╔══
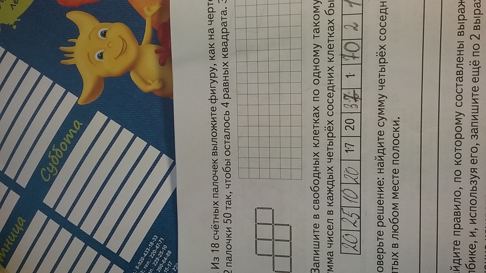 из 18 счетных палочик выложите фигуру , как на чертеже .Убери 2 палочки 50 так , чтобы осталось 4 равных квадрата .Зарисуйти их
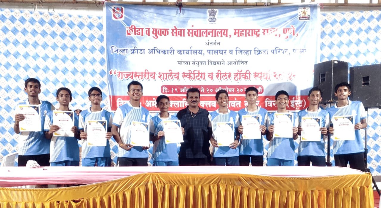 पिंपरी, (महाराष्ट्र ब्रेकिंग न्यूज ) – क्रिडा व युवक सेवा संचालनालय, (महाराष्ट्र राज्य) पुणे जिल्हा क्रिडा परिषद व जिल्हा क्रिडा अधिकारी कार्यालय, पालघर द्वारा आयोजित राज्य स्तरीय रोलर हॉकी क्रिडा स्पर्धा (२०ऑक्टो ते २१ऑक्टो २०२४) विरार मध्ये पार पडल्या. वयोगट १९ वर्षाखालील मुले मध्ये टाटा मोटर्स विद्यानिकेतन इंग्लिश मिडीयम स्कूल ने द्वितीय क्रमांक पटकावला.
╚══
╔══
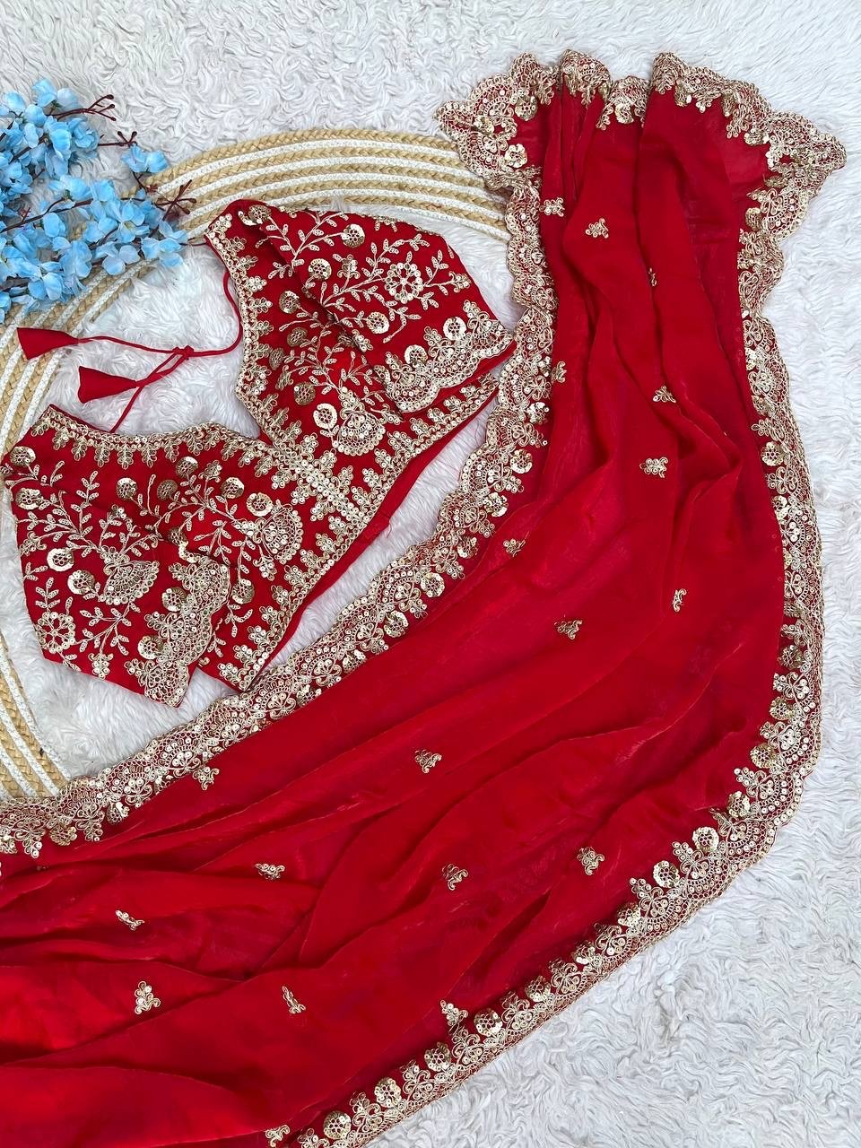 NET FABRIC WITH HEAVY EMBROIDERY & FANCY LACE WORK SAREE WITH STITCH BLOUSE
╚══
AIM OF THE TASK:
Only the lines of the listing above from the one with "из 18 счетных" through the one with "पिंपरी, (महाराष्ट्र ब्रेकिंग" should be output, exactly, with both ends kept and pictures left out.

TASK OUTPUT:
 из 18 счетных палочик выложите фигуру , как на чертеже .Убери 2 палочки 50 так , чтобы осталось 4 равных квадрата .Зарисуйти их
 पिंपरी, (महाराष्ट्र ब्रेकिंग न्यूज ) – क्रिडा व युवक सेवा संचालनालय, (महाराष्ट्र राज्य) पुणे जिल्हा क्रिडा परिषद व जिल्हा क्रिडा अधिकारी कार्यालय, पालघर द्वारा आयोजित राज्य स्तरीय रोलर हॉकी क्रिडा स्पर्धा (२०ऑक्टो ते २१ऑक्टो २०२४) विरार मध्ये पार पडल्या. वयोगट १९ वर्षाखालील मुले मध्ये टाटा मोटर्स विद्यानिकेतन इंग्लिश मिडीयम स्कूल ने द्वितीय क्रमांक पटकावला.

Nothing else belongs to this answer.